The disadvantage of these types of arrangements is the adverse impact of the
largely
condensing and largely boiling-type heating requirements of the distillation
column condenser
and reboiler on the overall heating and cooling curves to condense the natural
gas to LNG.
These impacts may result in temperature pinches in the heat exchangers that
diminish the
effectiveness of the available UN supply. According to the invention, the
condenser and
reboiler cooling and heating duties are cross-exchanged such that the cold
duty available from
the reboiler is used to meet the hot duty required of the condenser. To
accomplish this, a heat
pump condenser and reboiler system is used to increase the pressure of the
distillation column
overhead stream 34 such that the temperature of the compressed overhead stream
is higher than
the temperature of the greenhouse gas product stream 36. Specifically, the
heat pump
condenser and reboiler system comprises an overhead compressor 38 that
compresses and
warms the overhead stream 34, a heat pump heat exchanger 40 that cools the
overhead stream
and warms the greenhouse gas product stream, and a pressure reduction device
42 that reduces
the pressure of the cooled overhead stream and reduces its pressure.
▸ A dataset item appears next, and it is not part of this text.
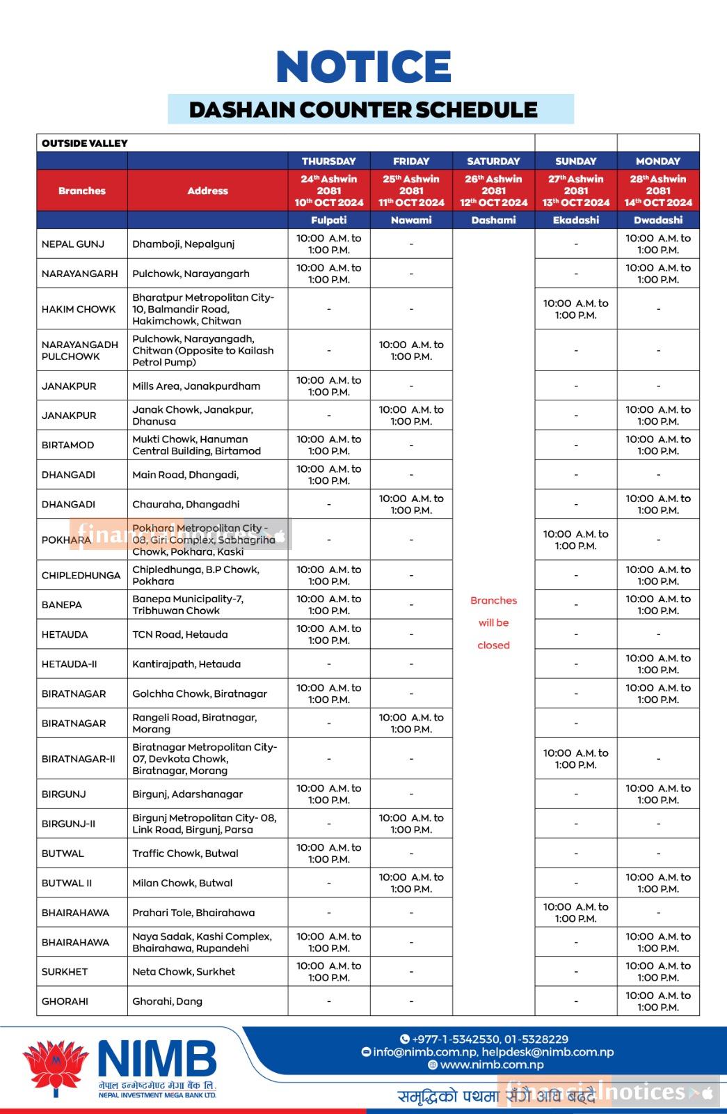 नेपाल इन्भेष्टमेण्ट मेगा बैंकको शाखा कतिबजेसम्म खुल्ला रहन्छन् ?
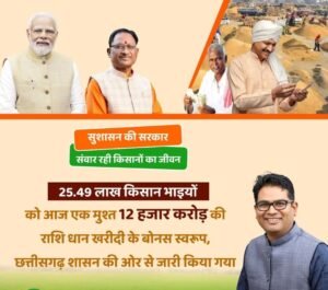 रायगढ़ :- प्रदेश के 25.49 लाख किसान भाइयों के खाते में धान बोनस की 12 हजार करोड़ की राशि हस्तांतरित होने की जानकारी देते हुए सूबे के वित्त मंत्री विधायक रायगढ़ ओपी चौधरी ने कहा सुशासन की विष्णु देव साय सरकार के निर्णयों से किसान भाइयों के जीवन में खुशहाली आ रही है। विधायक ओपी ने कहा कांग्रेस का प्रधान मंत्री रहे स्वर्गीय राजीव गांधी ने कहा था जनता तक एक रुपया भेजा था लेकिन उन तक केवल 15 पैसा ही पहुंचता था लेकिन मोदी सरकार ने जब जन धन योजना के तहत 53 करोड़ खाते खोले गए तब विपक्ष मे रहते कांग्रेस ने इस योजना का उपहास उड़ाया था। उन्हीं खातों में गरीबों के लिए शुरू की गई बहुत ही कल्याणकारी योजनाओं की राशि सीधे हस्तांतरित की जा रही है। समय रहते जिन समस्याओं का समाधान कांग्रेस खोज नहीं पाई भाजपा ने समस्याओं का स्थाई समाधान किया। कर्ज लेकर खेती किसानी करने वाले किसान भाइयों के लिए मोदी सरकार की किसान सम्मान निधि योजना शुरू की गई। किसानों को हर वर्ष खेती के पहले छह हजार रुपए दिए जाने की योजना वरदान साबित हो रही है इस योजना के तहत देश भर के 13 करोड़ किसान लाभान्वित हो रहे है। छह हजार रुपए की राशि तीन किश्त में सीधे खाते में हस्तांतरित की जाती है। खेती के पहले किसानों को साहूकारों से कर्ज लेना पड़ता था इसके लिए ब्याज चुकाना पड़ता था। मोदी सरकार के किसान सम्मान निधि योजना से किसानों के जीवन में समृद्धि आ रही है।

The
pressure reduction
device 42 may be a Joule-Thomson valve or a turbo-expander. At this point the
overhead
stream has become a partially condensed overhead stream 43. If desired, a
first separator 44
may be used to separate the partially condensed overhead stream 43 to form an
overhead
product stream 45 and a column reflux stream 46. The overhead product stream
45, being the
overhead product of both the distillation column 32 and the first separator
44, is comprised of
GAN substantially decontaminated of greenhouse gases such as methane, ethane,
etc., and exits
the greenhouse gas removal unit 30 for further heat exchange operations and
venting as will be
described herein. Because the column reflux stream 46 may include some
greenhouse gases,
the column reflux stream is sent back to the distillation column 32 for
further separation steps.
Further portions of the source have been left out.